O presidente Lula tenta fazer a parte dele. Boa parte de todo o movimento negativo que direciona o mercado tem sua origem no medo dos investidores. As pessoas têm medo de perder seu dinheiro e tiram do mercado. E quanto mais se tira pior fica e acaba criando um efeito de manada, despencando todas as cotações. O problema é que o presidente, muitas vezes, faz declarações que entram em choque direto com sua própria equipe econômica. O que por fim cria um cenário ainda maior de instabilidade.

Porém é fato que a crise chegou bem menor no Brasil que em vários países desenvolvidos e o próprio EUA. O desemprego, o desaquecimento da industria de do comércio está acontecendo em todo o mundo, mas o Brasil está sentindo menos efeitos que boa parte desses países.

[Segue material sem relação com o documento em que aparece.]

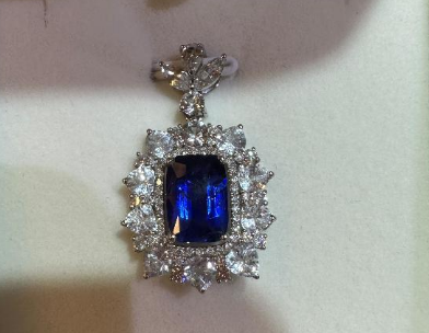印度克什米尔蓝宝石。颜色呈矢车菊的蓝色,也就是微带紫的靛蓝色。颜色的明度大,色鲜艳。有雾状的包裹体的具乳白色反光效应。一直被誉为蓝宝石中的极品。
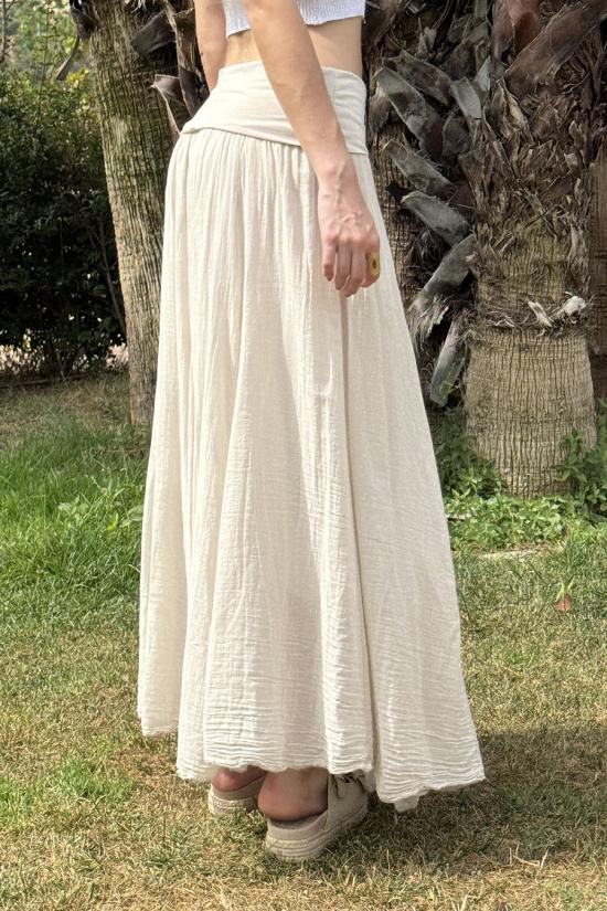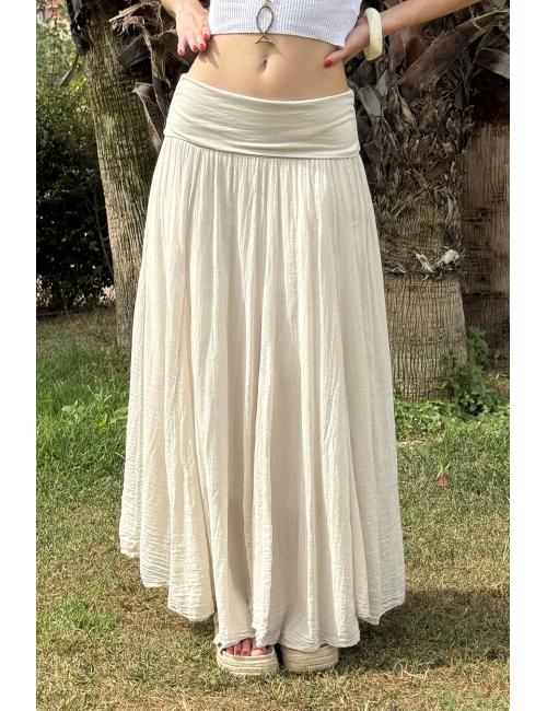 Ibizan long skirt. It includes a wide elastic sash at the waist that makes it adaptable to several sizes.

De fato, a crise demorou um pouco para surtir por aqui reflexos. Mascarada por intervenções do governo que não chegam nem próximo ao pacote de resgate econômico dos Estados Unidos. Mas enfim chegou! Como analisa a atual conjuntura do mercado nacional e seus prospectos para o futuro?

Primeiramente eu não acho que as intervenções do governo tenham sido ruins. No início da crise a maioria das pessoas acreditavam que o Brasil permaneceria de mãos atadas esperando pra ver o que os norte-americanos fariam. Mas não foi o que aconteceu. O Governo injetou muita verba na economia brasileira, tomou diversas medidas para incentivar o consumo, para criar e manter empregos. E é o que o país deve fazer. Os EUA “devem” gastar todo o dinheiro de seus cofres se for necessário, pois essa crise foi criada por eles. Um único país que prejudicou o crescimento de todo o planeta. Os norte-americanos gastam pois precisam recuperar o movimento da economia global, eles precisam mostrar que estão dispostos a gastar, passar confiança para os investidores, já o Brasil precisa manter sua estrutura interna, mostrar para os investidores que tem meios para se proteger.

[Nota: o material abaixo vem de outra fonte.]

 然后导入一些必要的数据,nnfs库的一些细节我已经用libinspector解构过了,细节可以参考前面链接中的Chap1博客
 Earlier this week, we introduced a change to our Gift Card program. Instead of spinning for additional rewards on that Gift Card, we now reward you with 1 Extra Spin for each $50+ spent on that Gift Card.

A população de uma forma geral está bem perdida sobre o que o governo esta fazendo. Tanto a imprensa quanto a oposição atacam as medidas do governo com intenções políticas e eleitorais. Um fato que, pra mim, exemplifica bem isso, é que ambos atacam sempre as declarações do presidente, muito mais que as medidas que o governo toma. Medidas que têm sido elogiadas por economistas de todo o país.

Quanto ao futuro, sou otimista. A crise está chegando agora à economia real. Com a recessão da industria os empregos começam a correr risco, o consumo diminui aumentando ainda mais o risco de desemprego. Porém eu acredito que o fundo do poço no mundo financeiro já passou. Esse já esta começando a se recuperar. E as medidas que os governos de todo o mundo estão tomando é justamente para proteger a economia real. Estão criando empregos, aumentando a produção das industrias, medidas que visam dar dinamismo e liquidez à economia. Ainda haverá alguma dificuldade, mas não acredito em colapso de nenhum setor.

E um conselho para quem anda assistindo muita televisão. Diversos comentaristas econômicos dos jornais entram em rede nacional para dizer que esse não é o momento para consumo. Eu acredito ser uma irresponsabilidade desses profissionais falarem algo que não compreendem. Com a diminuição do consumo vem a recessão da industria, com a recessão da industria vem o aumento do desemprego, logo do consumo e isso gera uma bola de neve que, de forma alguma, ajuda a economia a se restabelecer.